• **PROBLEM STATEMENT**
Nothing but the lines below from the one that contains "Design de toalha" through the one that contains "The BAPE x Neighborhood" should be retyped, exactly and including both ends. Do not include pictures.

• **AVAILABLE DATA**

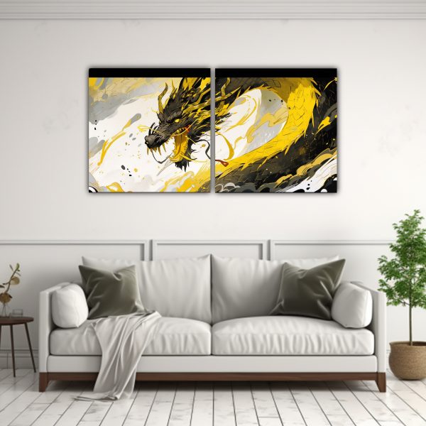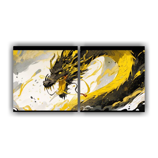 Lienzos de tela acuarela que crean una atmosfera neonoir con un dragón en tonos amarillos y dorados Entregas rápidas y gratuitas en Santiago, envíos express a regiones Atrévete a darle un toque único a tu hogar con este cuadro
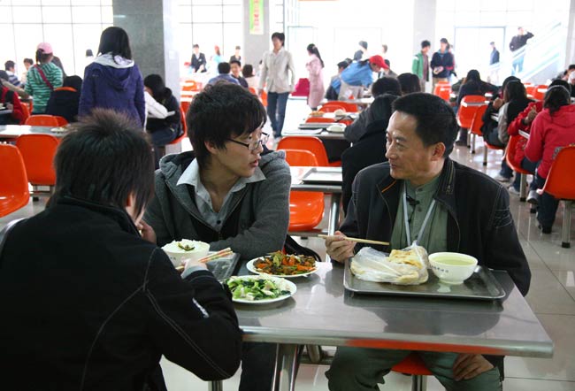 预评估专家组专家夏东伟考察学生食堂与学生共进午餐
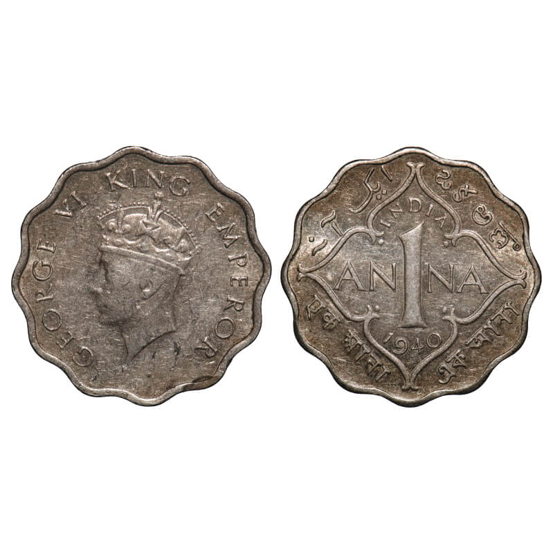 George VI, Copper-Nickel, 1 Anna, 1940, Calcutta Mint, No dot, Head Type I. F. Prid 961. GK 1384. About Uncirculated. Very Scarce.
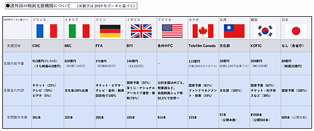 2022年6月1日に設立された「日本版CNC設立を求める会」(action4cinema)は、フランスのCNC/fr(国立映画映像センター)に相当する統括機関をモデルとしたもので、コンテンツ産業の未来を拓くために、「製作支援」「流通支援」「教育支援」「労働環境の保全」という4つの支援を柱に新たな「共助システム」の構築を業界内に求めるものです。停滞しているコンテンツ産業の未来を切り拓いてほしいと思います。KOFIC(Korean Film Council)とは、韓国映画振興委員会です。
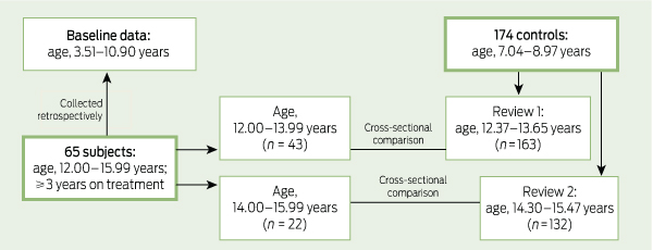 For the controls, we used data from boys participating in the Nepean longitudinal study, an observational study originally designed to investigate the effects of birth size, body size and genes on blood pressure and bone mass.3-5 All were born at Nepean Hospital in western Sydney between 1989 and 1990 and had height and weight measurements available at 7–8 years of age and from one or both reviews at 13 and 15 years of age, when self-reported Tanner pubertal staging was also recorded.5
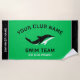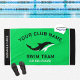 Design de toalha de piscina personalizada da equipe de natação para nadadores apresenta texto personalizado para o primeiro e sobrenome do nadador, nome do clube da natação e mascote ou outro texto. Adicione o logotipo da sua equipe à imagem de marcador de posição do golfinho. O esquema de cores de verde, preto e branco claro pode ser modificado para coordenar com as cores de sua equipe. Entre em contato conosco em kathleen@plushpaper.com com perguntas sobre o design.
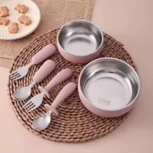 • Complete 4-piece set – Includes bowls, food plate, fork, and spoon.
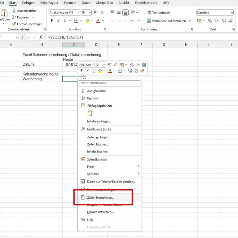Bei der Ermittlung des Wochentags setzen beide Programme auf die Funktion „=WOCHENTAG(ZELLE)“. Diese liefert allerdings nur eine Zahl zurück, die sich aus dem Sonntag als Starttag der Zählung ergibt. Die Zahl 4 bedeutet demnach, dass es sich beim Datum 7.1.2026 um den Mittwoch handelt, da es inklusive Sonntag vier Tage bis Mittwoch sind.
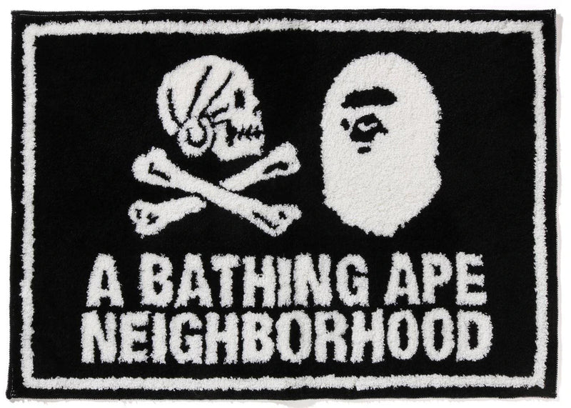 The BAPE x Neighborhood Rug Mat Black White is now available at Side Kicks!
* * *
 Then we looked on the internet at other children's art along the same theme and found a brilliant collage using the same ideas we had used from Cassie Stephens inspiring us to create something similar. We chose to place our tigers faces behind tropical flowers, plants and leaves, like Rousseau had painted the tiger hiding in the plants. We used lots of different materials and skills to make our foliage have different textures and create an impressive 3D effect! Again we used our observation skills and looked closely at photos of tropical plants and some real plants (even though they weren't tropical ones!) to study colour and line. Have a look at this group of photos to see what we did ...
---
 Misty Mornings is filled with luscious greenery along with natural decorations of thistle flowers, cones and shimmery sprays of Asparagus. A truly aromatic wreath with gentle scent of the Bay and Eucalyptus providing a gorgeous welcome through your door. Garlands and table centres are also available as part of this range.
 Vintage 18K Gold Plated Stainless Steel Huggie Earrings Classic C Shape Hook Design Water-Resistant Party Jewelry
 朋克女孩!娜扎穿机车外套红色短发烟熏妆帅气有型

• **ANSWER BELOW**
 Design de toalha de piscina personalizada da equipe de natação para nadadores apresenta texto personalizado para o primeiro e sobrenome do nadador, nome do clube da natação e mascote ou outro texto. Adicione o logotipo da sua equipe à imagem de marcador de posição do golfinho. O esquema de cores de verde, preto e branco claro pode ser modificado para coordenar com as cores de sua equipe. Entre em contato conosco em kathleen@plushpaper.com com perguntas sobre o design.
 • Complete 4-piece set – Includes bowls, food plate, fork, and spoon.
Bei der Ermittlung des Wochentags setzen beide Programme auf die Funktion „=WOCHENTAG(ZELLE)“. Diese liefert allerdings nur eine Zahl zurück, die sich aus dem Sonntag als Starttag der Zählung ergibt. Die Zahl 4 bedeutet demnach, dass es sich beim Datum 7.1.2026 um den Mittwoch handelt, da es inklusive Sonntag vier Tage bis Mittwoch sind.
 The BAPE x Neighborhood Rug Mat Black White is now available at Side Kicks!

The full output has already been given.